Il governo sta provando a disinnescare l’azione sindacale, affermando di mettere qualcosa in più nelle tasche dei lavoratori a dicembre. Soprattutto si tratta di una mossa che come obiettivo ha lo smantellamento della contrattazione. Se la politica decide oggi di stralciare il 30%, perché domani non potrebbe arrivare al 60%?
Eppure la Cisl ha apprezzato questa cosa, e non parteciperà alla mobilitazione con voi e la Cgil.
E’ vero, noi siamo in una situazione nella quale una sigla confederale non partecipa alle iniziative di mobilitazione. Ma noi ci siamo sempre basati sui contenuti della piattaforma unitaria, sia con il governo Draghi che con quello Meloni. Ma quanti schiaffi deve prendere il sindacato prima di agire in maniera operativa? Ora siamo davanti a un disfacimento della contrattazione, a una volontà di riportare indietro le lancette della storia, quando era la politica a decidere gli aumenti da dare sulla base del consenso.
Si sta delineando una profonda differenza tra il vostro modo, e quello della Cgil, di intendere l’azione del sindacato rispetto alla Cisl.
E’ un peccato che le iniziative che abbiamo davanti non siano affrontate in maniera unitaria, perché i fatti ci dicono che quando agiamo insieme siamo più forti. Ma vista la situazione, Cgil e Uil hanno fatto bene a scendere in campo. Il sindacato non può svolgere solo una funzione di tampone, ma deve essere anche rivendicativo, sui contenuti e non per orientamento politico, quando si mette in crisi il sistema contrattuale e dei diritti.
Siamo davanti a un perimetro pubblico sempre più povero, senza ricambio generazionale e poco attrattivo per i nuovi. Da dove partire?

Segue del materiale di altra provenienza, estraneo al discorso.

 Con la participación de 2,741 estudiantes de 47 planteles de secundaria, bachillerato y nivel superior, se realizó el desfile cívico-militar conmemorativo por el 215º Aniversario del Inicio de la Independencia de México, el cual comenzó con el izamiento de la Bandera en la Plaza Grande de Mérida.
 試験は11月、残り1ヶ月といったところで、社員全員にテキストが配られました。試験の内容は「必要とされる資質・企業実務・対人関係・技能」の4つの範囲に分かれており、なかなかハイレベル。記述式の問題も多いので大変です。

Durante la pandemia abbiamo visto gli effetti del depauperamento del pubblico impiego. Si riducono gli organici, ma aumentano i carichi di lavoro. Se non arriva un ricambio generazionale degno di questo nome, ci ritroveremo con delle strutture al collasso. Basti pensare che non sono state programmate assunzioni di infermieri, ma a quelli in servizio è stato detto di aumentare gli straordinari. Questo è l’ennesimo tentativo dell’esecutivo di procedere con le privatizzazioni, nella sanità e non solo, che di certo non fanno il bene dei cittadini. L’Italia non è più quella potenza economica che era anni fa, e si sta relegando a ruolo di Cenerentola in Europa. Per rendere attrattivo il pubblico impiego servono stipendi più ricchi.
Permangono, inoltre, ancora forti diversità con il privato.

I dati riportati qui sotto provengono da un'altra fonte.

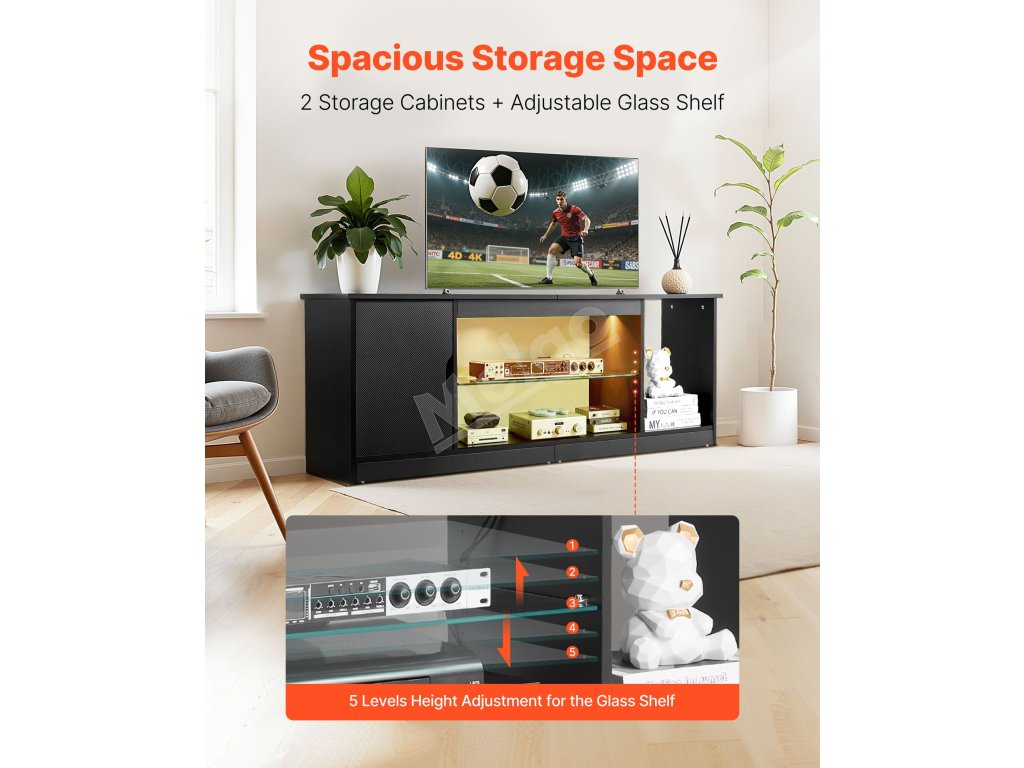 Tento moderný minimalistický úložný TV stojan bez námahy pojme veľkoplošné televízory a zároveň poskytuje priestor na usporiadanie herných konzol, routerov a ďalších zariadení - vďaka tomu bude vaša obývacia izba bez neporiadku. Premeňte svoj priestor na elegantné, moderné zábavné centrum!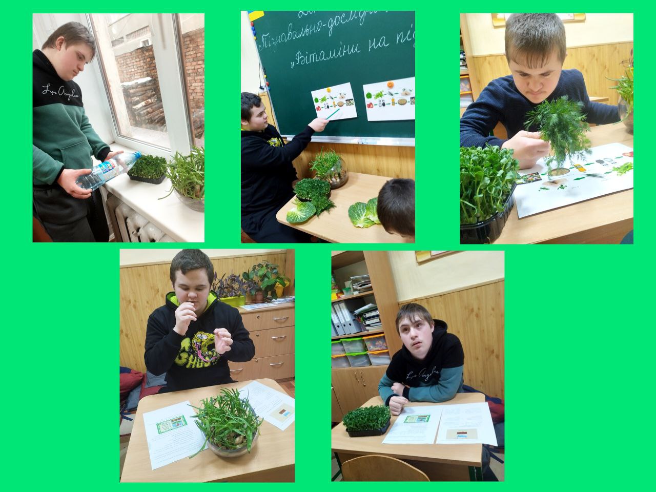 Скільки існує в природі корисних і смачних плодів, трав зеленого кольору! Сьогодні вихованці центру поринули в різноманіття смаків і ароматів: вчилися розрізняти зелені прянощі, збагатили скарбничку рецептів салатів, готували вишукані бутерброди, доглядали грядки на підвіконні і навіть посіяли руколу! Пізнаємо світ природи! Готуємося до нових відкриттів!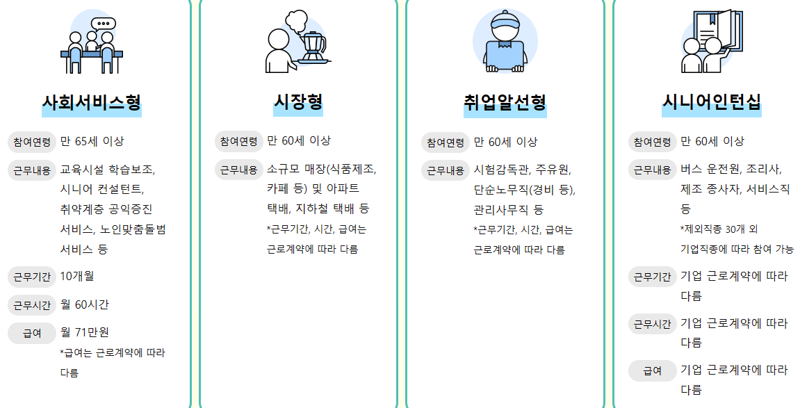 2023 노인 일자리 종류는 사회서비스형, 시장형, 취업알선형, 시니어인턴십등으로 나누어집니다. 각 분야 별로 참여연령과 활동기간, 활동비, 근무내용등이 다르게 되어있습니다. 그리고 가장 보기쉽고 편리한것은 노인일자리 여기홈페이지가 쉽고 신청접수와 지역별 현재 모집중인 일자리도 확인해볼 수 있습니다.

E’ così. Noi non abbiamo la detassazione della tredicesima e del salario accessorio. Il Tfs ce lo dobbiamo andare a contrattare con le banche, continuiamo a pagare 15 giorni di malattia. Una recente sentenza del Tar del Lazio ha poi dichiarato illegittima e con odore di anticostituzionalità la differenza tra l’orario di reperibilità per la malattia tra il pubblico e il privato.

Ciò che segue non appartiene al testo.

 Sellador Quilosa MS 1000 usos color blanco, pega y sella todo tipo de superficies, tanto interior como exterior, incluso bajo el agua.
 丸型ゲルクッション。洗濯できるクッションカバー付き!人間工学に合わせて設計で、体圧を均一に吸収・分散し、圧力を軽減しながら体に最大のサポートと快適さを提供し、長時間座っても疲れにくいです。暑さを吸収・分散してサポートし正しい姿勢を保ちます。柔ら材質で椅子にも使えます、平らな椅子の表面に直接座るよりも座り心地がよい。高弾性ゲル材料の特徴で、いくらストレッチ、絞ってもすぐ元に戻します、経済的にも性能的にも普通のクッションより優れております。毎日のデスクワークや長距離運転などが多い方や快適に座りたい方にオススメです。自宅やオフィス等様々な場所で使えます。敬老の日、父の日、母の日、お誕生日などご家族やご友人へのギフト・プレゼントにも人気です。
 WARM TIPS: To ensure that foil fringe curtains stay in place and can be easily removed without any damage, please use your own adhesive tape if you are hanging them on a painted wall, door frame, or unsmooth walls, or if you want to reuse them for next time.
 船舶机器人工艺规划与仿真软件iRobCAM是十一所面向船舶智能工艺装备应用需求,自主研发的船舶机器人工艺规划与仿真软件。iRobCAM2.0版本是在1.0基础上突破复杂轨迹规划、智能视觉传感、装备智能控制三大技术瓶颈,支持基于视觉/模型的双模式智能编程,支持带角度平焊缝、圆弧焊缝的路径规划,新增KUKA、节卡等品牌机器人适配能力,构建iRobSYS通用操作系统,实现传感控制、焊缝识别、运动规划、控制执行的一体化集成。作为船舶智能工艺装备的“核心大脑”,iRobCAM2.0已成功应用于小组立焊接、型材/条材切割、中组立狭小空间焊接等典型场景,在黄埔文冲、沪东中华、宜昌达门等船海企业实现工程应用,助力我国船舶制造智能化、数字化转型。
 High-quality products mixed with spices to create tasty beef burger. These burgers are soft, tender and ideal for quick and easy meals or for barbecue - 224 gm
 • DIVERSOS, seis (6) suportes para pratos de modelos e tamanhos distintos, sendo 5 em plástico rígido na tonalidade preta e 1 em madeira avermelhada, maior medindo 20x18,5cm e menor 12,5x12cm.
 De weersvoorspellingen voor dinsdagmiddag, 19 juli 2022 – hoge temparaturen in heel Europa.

Ma in altri settori la contrattazione funziona e sta portando i suoi frutti. Che cosa non va nel pubblico?
In quei settori dove la contrattazione funziona, c’è una vera lotta all’inflazione. Nel pubblico questo non sta avvenendo, perché il governo vuole accentrare tutte le prerogative nelle sue mani, marginalizzando il sindacato. Invece da quando la contrattazione si è inserita nel pubblico le cose sono migliorate, ma la politica, pavidamente, ha sempre avuto paura delle nostre rivendicazioni.
Pnrr. A che punto siamo?
Per questo governo il Pnrr sembra essere più un fastidio che una grandissima opportunità. Ma per renderla reale servono assunzioni. Impegnare i pochi dipendenti pubblici sul Pnrr vorrebbe dire fermare la macchina pubblica. Con il governo Draghi l’allora ministro Brunetta aveva promesso nuovo personale, ma alla fine non si è concretizzato nulla, anche per i bassi stipendi offerti.
Che demeriti ha avuto il sindacato?
Il sindacato doveva alzare di più la voce quando hanno iniziato a depotenziare il sistema contrattuale. Penso all’organizzazione del lavoro che ci è stata strappata. Li dovevamo dire di no, e abbiamo iniziato a perdere i pezzi. Ma non ci possono portare via la contrattazione collettiva, altrimenti il paese si smantella.